In a third and final incident, around 75 members of the Crusaders for Justice group tried to enter the park for a scheduled rally. They were opposed by an estimated 3,000 white residents, some of whom shouted "get out of our park" and "nigger go home". A total of seventeen people were arrested throughout the day, and at least eleven people, including eight officers, suffered minor injuries. The following day, around 40 Klan members protested the Chicago Pride Parade at Lincoln Park. The event remained peaceful.

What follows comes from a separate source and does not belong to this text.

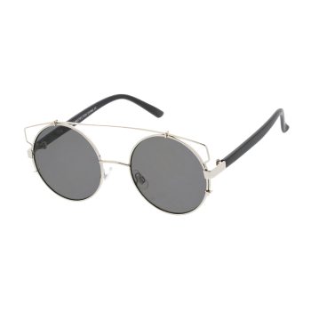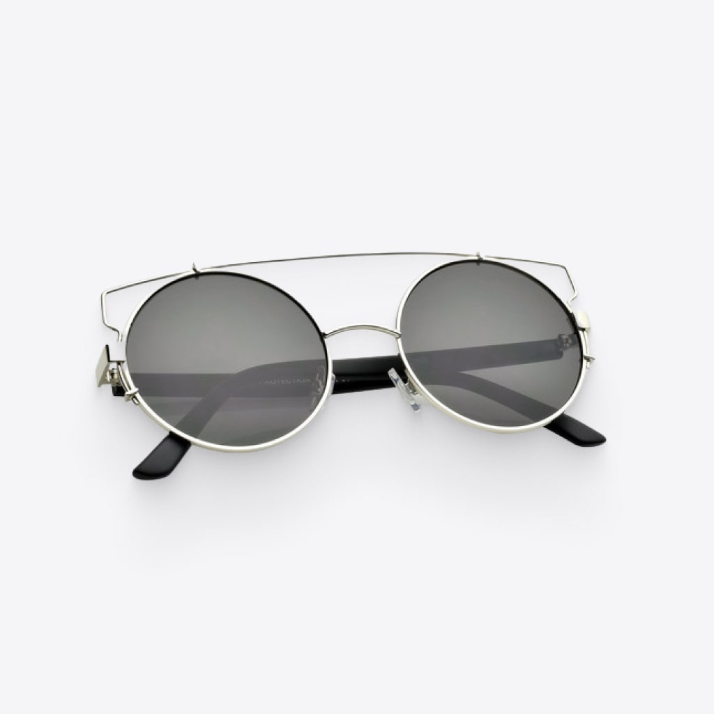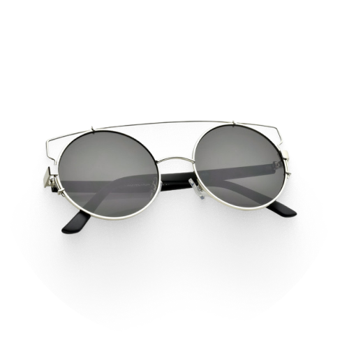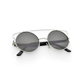 An open metal frame with a sleek crossbar adds the modern appeal, while rounded flat lenses create an eye-catching effect.

On August 24, a dozen black religious leaders and civil rights activists marched into Marquette Park and held a prayer for racial tolerance, while being guarded by 700 police officers. Afterward, several groups of white youths attempted to march along Marquette Road into a black neighborhood, but were stopped by police. They arrested 36 people for disorderly conduct and mob action.

=== 1988 ===
Around 500 Klan members, neo-Nazis, and other white supremacists rallied at Marquette Park on August 28, 1988. They displayed Nazi flags. More than 900 police officers kept them separate from a group of about 200 counter-protestors. Several hundred local white residents cheered on the Klan members and chanted "white power", while attempting to confront the counter-protestors. A third group of about 300 protestors held a later rally at the park to honor Dr. Martin Luther King Jr. Fourteen people were arrested throughout the day, mostly for disorderly conduct, but no violence occurred between the groups. Klan sympathizers did attempt to attack a black man wearing headphones, who had accidentally entered the Klan rally.

== Aftermath ==
=== Changing of the neighborhood ===
Throughout the 1990s, the neighborhood continued to go through dramatic demographic changes in a process of residential succession. By the 2000 Census, blacks made up 53% of the population, Hispanics (of any race) comprised 35%, and whites were 10%. As of 2010, blacks were 49% of the population, Hispanics 45% and whites 4%. There is also a small, but growing Arab community as well.

=== Legacy ===
Father Michael Pfleger, a Roman Catholic priest and prominent activist in Chicago, grew up in Marquette Park. He first became involved in social activism after being horrified by the anger, fear and violence he saw on the day of King's Chicago Freedom Movement march. On the 50th anniversary of the march, around 1,400 people, including Pfleger, marched along the same route that King and other SCLC organizers and activists had. A memorial to King was installed at the park around the time of the 50th anniversary as well.

=== Popular culture ===
- The neo-Nazis of Marquette Park were satirized in the 1980 film The Blues Brothers.
- Sara Paretsky, a writer who bases her mysteries in Chicago and especially its South Side, wrote about the Marquette Park events in 1966 in her novel Hardball (2009). Featuring a wide variety of characters, she explores the long reach of such historic events. Her protagonist V.I. Warshawski observes that the city's racial fault lines "run through my family, along with the rest of the South Side."